8 Evidence relating to the cardiac risk associated with chronic exposure to food products derived from mammals or to a foreign body in the form of a bovine or porcine aortic valve
Antibody responses to the oligosaccharide galactose alpha-1,3-galactose have recently become an important area of investigation into the effects of chronic high level exposure to this epitope either as a glycoprotein or as a glycolipid (48, 49). Two different research groups have identified an association between increased severity of coronary artery disease (CAD) and the presence of IgE antibodies specific for alpha-gal (49, 50). Interestingly, in both of those studies, a large proportion of the subjects with specific IgE to alpha-gal were not aware of symptoms after eating red meat, and therefore had no reason to suspect this sensitivity.
While searching for further evidence about the association between coronary artery disease and specific IgE to alpha-gal, Jeff Wilson analyzed IgE antibodies in a cohort of subjects enrolled in the multiethnic study on atherosclerosis (MESA). In that cohort, which was enrolled at the Wake Medical Center, the prevalence of sIgE to alpha-gal was too low to see significant results, however there was a strong signal for the association between IgE to milk and cardiac mortality (51). That came to light from a collaboration between Corinne Keet of UNC and Jeff Wilson at UVA which found a significant relationship between sIgE to milk and cardiac disease in both NHANES and MESA (51). Given that there have been multiple studies in the past suggesting that a diet which includes mammalian products can increase the risk of cardiac disease the new data suggests that at least part of that risk relates to IgE antibodies specific for food antigens derived from mammals. On the other hand there has been some recent evidence from a cardiac surgery group in Vienna that the transplant of a biovalve derived from a pig or a cow can increase the production of sIgG3 antibodies to alpha-gal (52). Interestingly the isotype IgG3 has very little track record clinically. Until recently the evidence in relation to this association was based on ELISA assays. However, it is now possible to measure IgG3 antibodies with ImmunoCAP (53). The authors in Vienna clearly raised the question whether stimulation of sIgG3 antibodies to alpha-gal could have contributed to the increased mortality among patients who are relatively younger when they receive biovalve transplants. Currently mechanical valves, rather than biovalves, are recommended for patients under 55 years old, both in the USA and in Europe (54).
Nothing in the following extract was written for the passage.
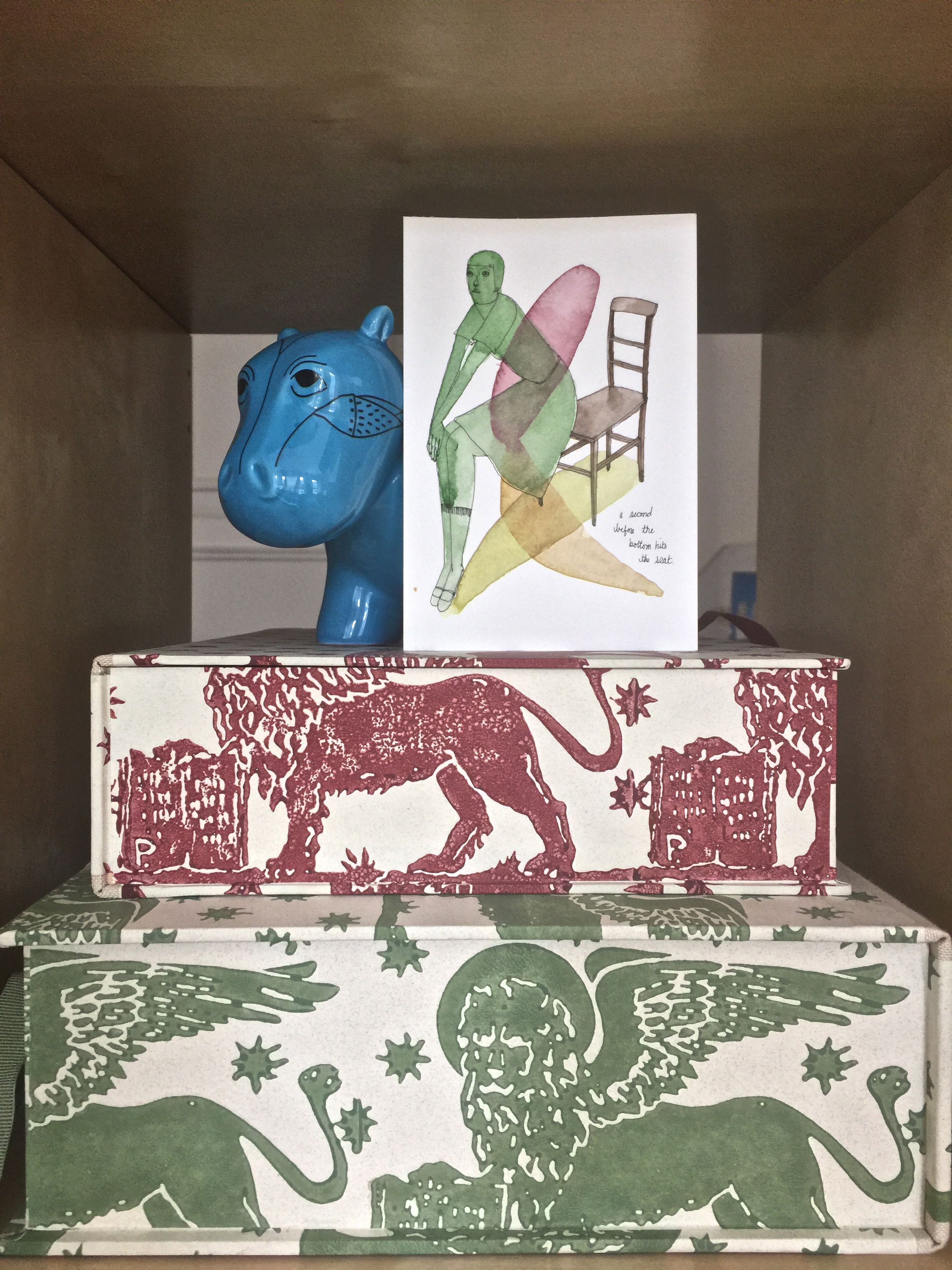 september 11 } eve got up to her shenanigans on anna’s windowsill, inspired by linda fennigbauer’s charming postcard
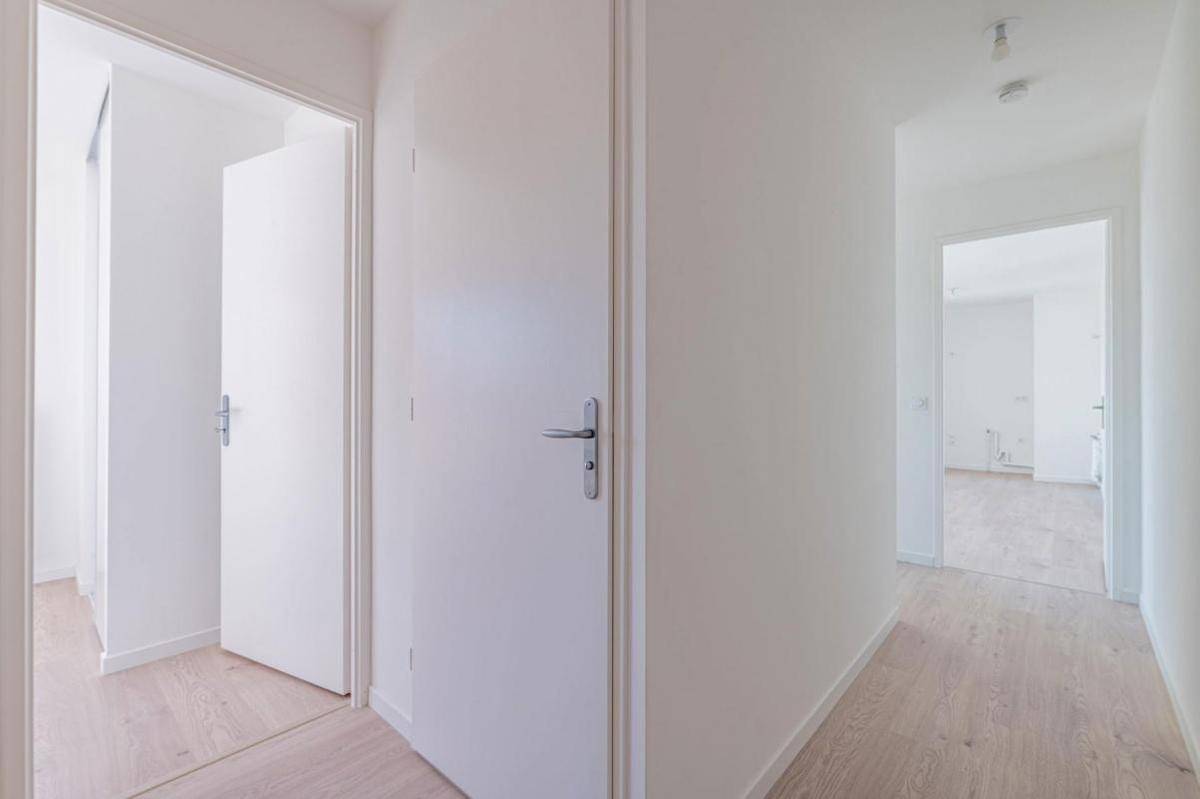 Le vaste séjour avec cuisine ouverte (à aménager selon vos goûts) de plus de 25 m² s’ouvre sur une loggia exposée sud-est, idéale pour profiter des beaux jours. Deux chambres confortables (11,8 m² et 10,3 m²), une salle de bains équipée avec sèche-serviettes et un WC indépendant complètent l’agencement.

9 Relevance of isotype specific antibodies to component allergens from cat and mite that are germane to the effect of the indoor environment to asthma
In the early years of the 21st century, the average young person in western society spends as much as 90 to 95% of their time indoors. Although a large number of different allergen sources can be relevant to asthma, two sources stand out because we know a great deal about their component allergens and because they are relevant to a large number of individuals. The two allergen sources that we will focus on here are dust mites and cats. In particular, we are concerned with the details of the surprising phenomenon that some children who live in a home with a cat become immunologically tolerant to cat allergens (20, 55, 56). This phenomenon has also been studied in detail using both serum and cells from a small group of patients with asthma and an equal number of controls, who were living in homes with cats in Seattle (57). By contrast in almost all studies on the effects of dust mite exposure in houses, higher levels of exposure are associated with increased prevalence of sensitization (58, 59). Indeed the workshops on the risk of mite allergens to asthma concluded that there was a strong relationship between increased exposure to mite allergens and asthma (59). However, there is one study from Sydney, Australia that found a negative association between the highest levels of mite exposure and asthma (60). Furthermore, there has been some evidence that the mite component allergen with the highest exposure in houses may not always have the strongest association with asthma (22).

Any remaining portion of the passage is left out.